Além dos carnês, outras estratégias incluem doações via Pix e realização de eventos comunitários –ideia é realizar um de grande tamanho em abril do ano que vem. O Consulado da Itália será procurado para indicar potenciais investidores.

O dinheiro da tradicional Festa da Achiropita, que levou 250 mil pessoas à 13 de Maio e ruas do entorno nos fins de semana do último mês de agosto, não entra na conta. Auditado, ele custeia as obras sociais da igreja.

Um livro de 20 páginas para colorir, com as obras de arte do templo, é dado como lembrança a quem doar quantias maiores.

“Entendemos que nem todos estão familiarizados com as novas tecnologias, por isso disponibilizamos métodos variados para que cada um possa colaborar da maneira mais conveniente”, diz o padre Roberto Silva, o padre Beto, pároco da igreja.

Outro padre, Rodinei Tomazella, lembra que a comunidade dali é peculiar. “É uma devoção que veio do sul da Itália, da Calábria, onde tem uma igreja da Achiropita”, afirma, reforçando que só existem duas em homenagem à santa no mundo, a italiana e a paulistana.

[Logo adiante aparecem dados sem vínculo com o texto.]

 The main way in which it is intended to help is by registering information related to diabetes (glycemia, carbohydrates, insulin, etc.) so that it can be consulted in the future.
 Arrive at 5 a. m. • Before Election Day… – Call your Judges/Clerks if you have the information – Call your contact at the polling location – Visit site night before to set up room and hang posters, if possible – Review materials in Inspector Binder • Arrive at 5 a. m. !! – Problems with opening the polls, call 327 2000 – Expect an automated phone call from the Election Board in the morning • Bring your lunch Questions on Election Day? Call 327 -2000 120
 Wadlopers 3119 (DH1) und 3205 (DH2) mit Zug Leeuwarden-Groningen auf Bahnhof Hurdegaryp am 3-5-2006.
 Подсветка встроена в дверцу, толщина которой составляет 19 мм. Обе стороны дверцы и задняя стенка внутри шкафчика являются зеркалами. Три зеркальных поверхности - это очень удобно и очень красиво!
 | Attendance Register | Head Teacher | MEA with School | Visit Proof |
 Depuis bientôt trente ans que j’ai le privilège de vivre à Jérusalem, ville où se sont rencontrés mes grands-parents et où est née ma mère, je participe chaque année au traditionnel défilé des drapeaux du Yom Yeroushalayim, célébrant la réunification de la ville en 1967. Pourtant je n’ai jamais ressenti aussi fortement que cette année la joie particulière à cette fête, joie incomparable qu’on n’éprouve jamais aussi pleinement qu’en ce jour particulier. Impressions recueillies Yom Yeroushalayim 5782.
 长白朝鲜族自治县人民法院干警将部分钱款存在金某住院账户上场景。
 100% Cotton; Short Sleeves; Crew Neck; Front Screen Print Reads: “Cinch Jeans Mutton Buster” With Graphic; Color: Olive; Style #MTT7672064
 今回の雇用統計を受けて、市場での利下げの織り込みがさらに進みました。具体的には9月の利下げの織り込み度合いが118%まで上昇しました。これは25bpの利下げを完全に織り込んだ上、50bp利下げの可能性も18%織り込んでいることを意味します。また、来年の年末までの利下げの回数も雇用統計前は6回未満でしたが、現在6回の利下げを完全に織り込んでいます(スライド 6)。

André Vinolo, integrante da comissão, afirma que doadores poderão assinar um “livro de ouro”. “Depois da reforma, ele será colocado em uma espécie de cápsula do tempo embaixo do altar. Os nomes desses colaboradores ficarão registrados para sempre.”

Um dos carnês para pagamento de doações está com a família de Taiane Santos da Silva, 26, dona de uma lanchonete ao lado da igreja. “Somos devotos e vizinhos de parede, por isso sabemos da importância da reforma”, diz.